Innovation and R&D Innovation is MoonLake’s main asset. The company is built around Nanobody-based biologics, with Sonelokimab as a potential “pipeline in a product” across several inflammatory diseases. The technology promises deeper tissue penetration, longer duration in the body, and easier manufacturing, all of which could translate into better patient convenience and potentially lower production costs over time. R&D activity is intense: multiple Phase 2 successes, several Phase 3 and additional Phase 2 programs underway or planned across hidradenitis suppurativa, psoriatic arthritis, axial spondyloarthritis, and other conditions. This creates multiple shots on goal from a single molecule but also concentrates scientific and regulatory risk in one core asset. R&D spending is likely to keep growing as trials expand, and outcomes from these programs will heavily shape the company’s future.


Summary

MoonLake is a classic high-risk, high-uncertainty clinical-stage biotech: no product revenue, ongoing losses, and a business model built around one main advanced asset, Sonelokimab. Financially, the company has a relatively clean and simple structure—strong equity, little to no debt, and a cash position that currently supports operations but is being drawn down by development costs.
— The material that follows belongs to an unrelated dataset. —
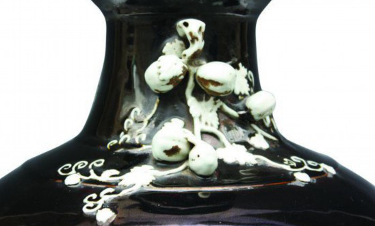 清代景德镇烧造的黑釉瓷又称为“乌金釉瓷”“铁黑釉瓷”,是景德镇窑创烧的一种名贵单色釉。因釉的原料取自景德镇附近的乌金土(含铁13.4℅),故称乌金釉。[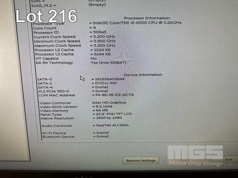 ALL-IN-ONE PC, DELL OPTIPLEX 7440, CORE i5 6500 (6TH GEN) @ 3.2GHz, 8GB DDR4 RAM, 256GB SSD, DVD-RW, INBUILT 23.8" FHD WIDESCREEN (1920x1080), INTEL HD VIDEO, WEBCAM, 8 x USB, WINDOWS 10 HOME INSTALLED, KEYBOARD & MOUSE S/N:51S9HD2

Strategically, its strength lies in a differentiated technology platform and encouraging mid-stage data in diseases with significant unmet needs, which has already attracted interest from large pharma. The flip side is concentrated risk: outcomes depend heavily on a few pivotal trials, regulatory decisions, and the ability to compete against entrenched players in a crowded space. For anyone following MoonLake, the story is less about current financial metrics and more about clinical milestones, regulatory interactions, competitive data, and access to capital over the next several years.